Regions with significant populations
- Israel: 60–80,000
- India: 5,000

Languages
- Hebrew, Marathi, English

Religion
- Judaism

Related ethnic groups
- Cochin Jews, Paradesi Jews, Baghdadi Jews

= Bene Israel =

Jewish community in the Indian subcontinent

The Bene Israel (lit. 'Sons of Israel'), also referred to as the "Shanivar Teli" (lit. 'Saturday oil-presser') or "Native Jew" caste, are a community of Jews in India.
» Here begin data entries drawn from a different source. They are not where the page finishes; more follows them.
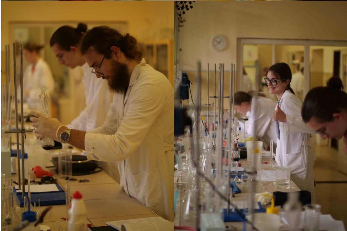
Laboratórne cvičenia z anorganickej, organickej, analytickej chémie a biochémie – SOŠ Nováky.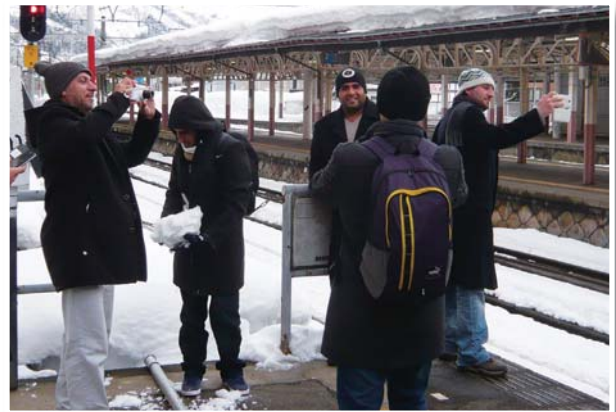
1月29日 CPJ-82「環境管理と先進技術」(1月27日～2月6日) —越後湯沢にて雪景色にびっくり—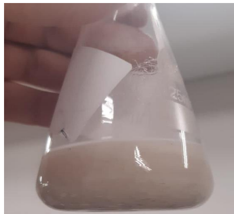
Figura 2. Pelos hidrolisados antes de serem filtrados e secos na estufa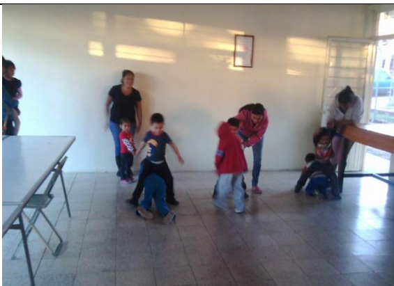
Sesión de control y equilibrio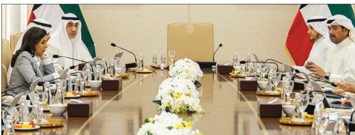
رئيس مجلس الوزراء بالإنابة ووزير الداخلية الشيخ فهد اليوسف مترشحا لاجتماع مجلس الوزراء

التواصل إلى هذا التفاهم المهم. وجد دعم دولة الكويت لكل الجهود الرامية إلى تسوية الخلافات والنزاعات بالوسائل السلمية ووفقاً لمبادئ القانون الدولي وميثاق الأمم المتحدة، معرباً عن تطلع دولة الكويت إلى أن يشكل هذا التفاهم خطوة مهمة نحو مقاربات أوسع لمعالجة القضايا العالقة عبر حلول مستدامة من شأنها ترسيخ مبادئ حسن الجوار وتعزيز الثقة وعدم التدخل في الشؤون الداخلية للدول وعدم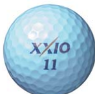
ゼクシオ SUPER XD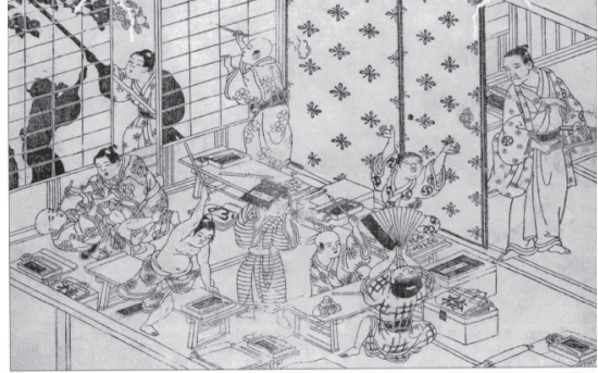
図32 下河辺拾水『画本弄』安永9年 1779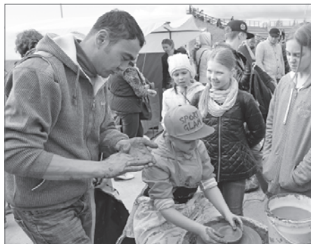
Мастер-класс по гончарному делу.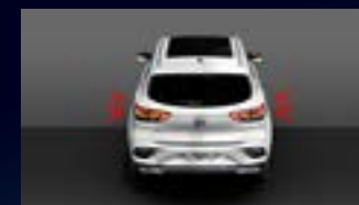
Hệ thống ĐÈN BÁO PHANH KHẨN CẤP - HAZ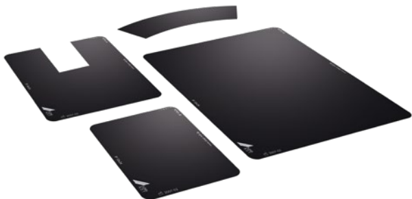
Plaque image DÜRR NDT avec la face active (blanche/bleue) vers le bas.

Les plaques images DÜRR NDT ont été conçues pour répondre aux besoins de l'industrie du CND avec différentes versions afin de couvrir l'ensemble des applications de radiographie.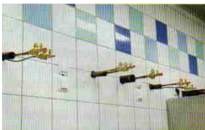
Anschlüsse zur zentralen Kühlanlage - für Geräte der künftigen Patisserie

Da sämtliche Großküchen-Geräte für den Anschluss an die Innos Küchenleittechnik vorbereitet sind, ist es gut möglich, in Zukunft einmal den Schülern sämtliche Garprozess-Stufen über einen Beamer zu zeigen und verständlich zu machen.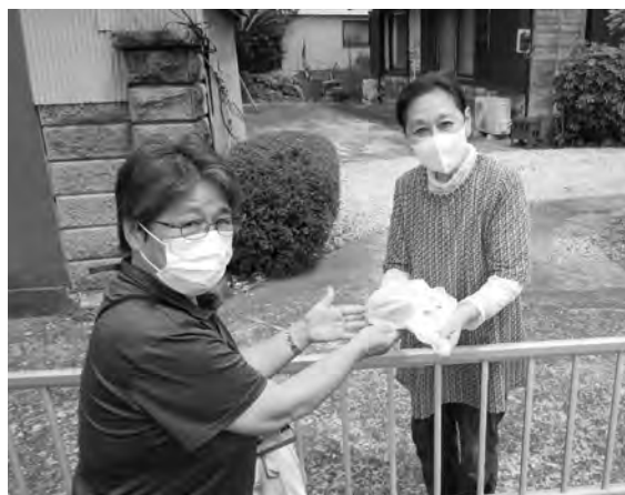
あんしん見守り事業 (みまも〜)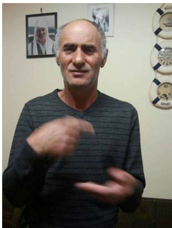
כאן הוא אומר את הביטוי עוד פעם

מבוא החירשות התקשורת החיים והמנהגים המשפחה החברה והקהל חקר אישי השפה של אבא דיון סיכום ביבליוגרפיה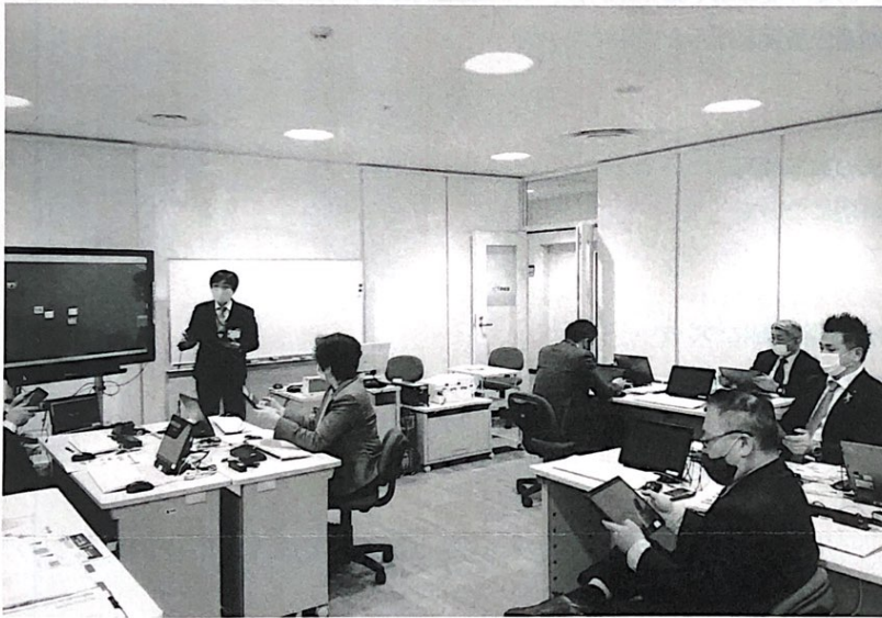
文教消防委員会にて松山市教育研修センターで先生が受ける視察研修も行う (1/27 教育研修センター)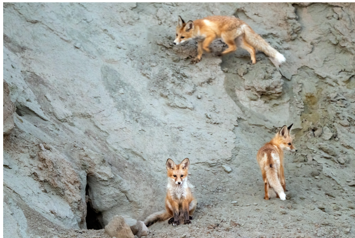
东郊戈壁滩,一群赤狐幼崽在洞穴口四处张望。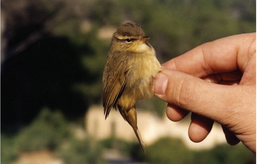
Foto 9. Ull de bou de Schwarz Phylloscopus schwarzi (Radde's Warbler). Sa Dragonera (Andratx), novembre 2003.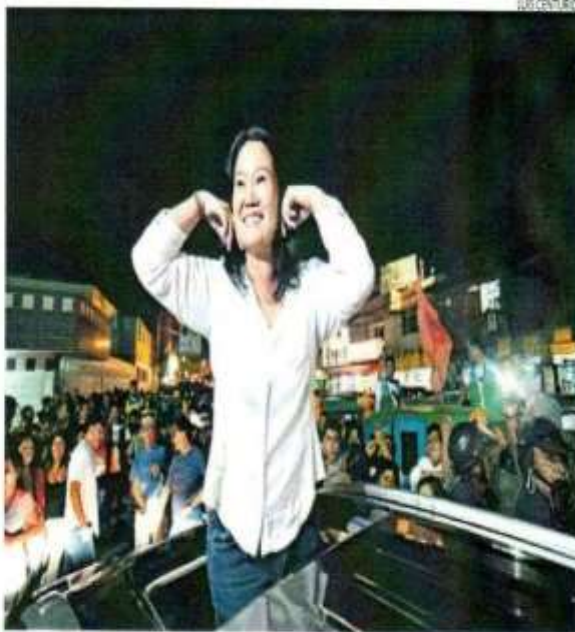
■ CAMPAÑA EN EL NORTE. Candidata prometió obras de agua potable para la región cajamarquina.

"Y luego, cuando ocupó el sillón presidencial, se olvidó de sus convicciones, se olvidó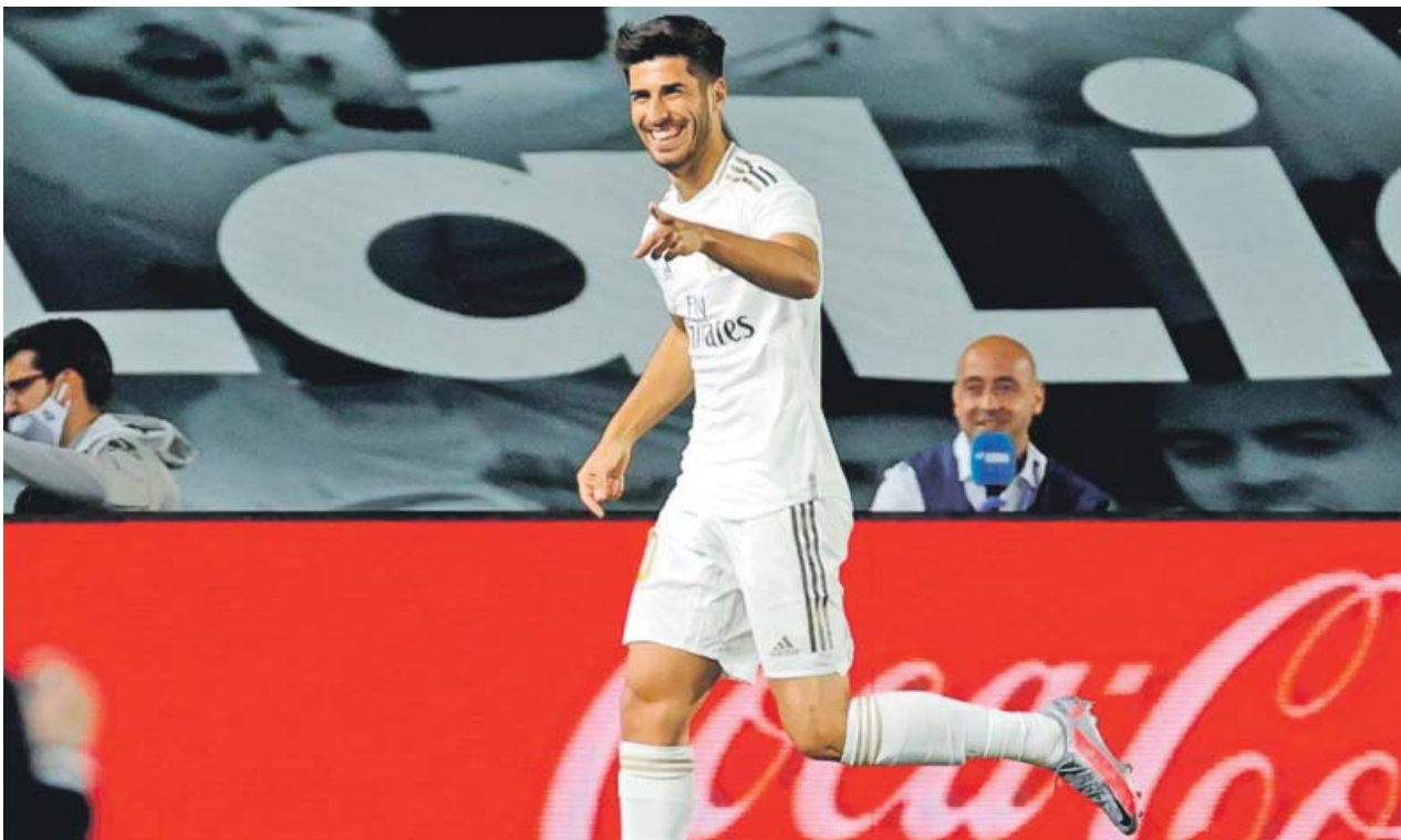
Asensio sonríe tras marcar el segundo tanto del Madrid, apenas un minuto después de salir a jugar tras más de 10 meses parado.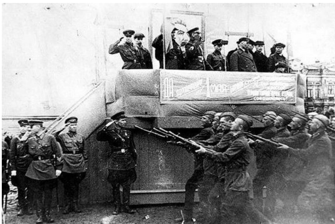
1 мая 1941 г. город Стерлитамак, маршируют бойцы 170 сд.

По итогам зимней боевой учебы в апреле 1941 года 15 военнослужащих 170-й стрелковой дивизии были награждены грамотами Президиума Верховного Совета БАССР 18 .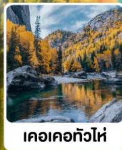
เคอเคทัวไห่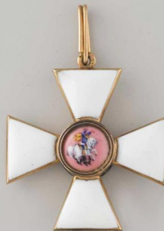
Знак 3-й степени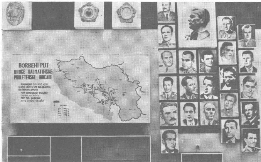
Pano koji se nalazi u Spomen-domu prikazuje borbeni put brigade, narodne heroje i odličja brigade

tinske brigade, na inicijativu i udarničko pregalaštvo njenih preživjelih boraca, sagrađen je Spomen-dom. Lijepa građevina - kombinacija fino klelanog kamena i cementa, čiji se pokrov od crijepa doima kao jarko crvena ruža procvjetala u kamenjaru, ima višestruko značenje i simboliku. Malo zabačeno selo dobilo je reprezentativne prostorije u kojima su našle svoj kutak za djelovanje i okupljanje mjesne društveno-političke organizacije, brojni izletnici, planinari, lovci i ini posjetioči. Centralno mjesto Doma je spomen-soba s autentičnim fotosima i grafikonima koji govore o ratnom putu brigade. Pored toga Dom raspolaže s 18 kreveta, ima biblioteku, blagovaonicu i čajnu kuhinju.

It has been suggested that they are the descendants of one of the Ten Lost Tribes via their ancestors who had settled there centuries ago. Starting in the second half of the 18th century, after they were taught about normative Sephardi Judaism, they migrated from villages in the Konkan region where they had previously lived to nearby cities throughout British India—primarily to Mumbai where their first synagogue opened in 1796 but also to Pune, Ahmedabad, and Karachi (now in Pakistan), where they gained prominent positions in the British colonial government and the Indian Army.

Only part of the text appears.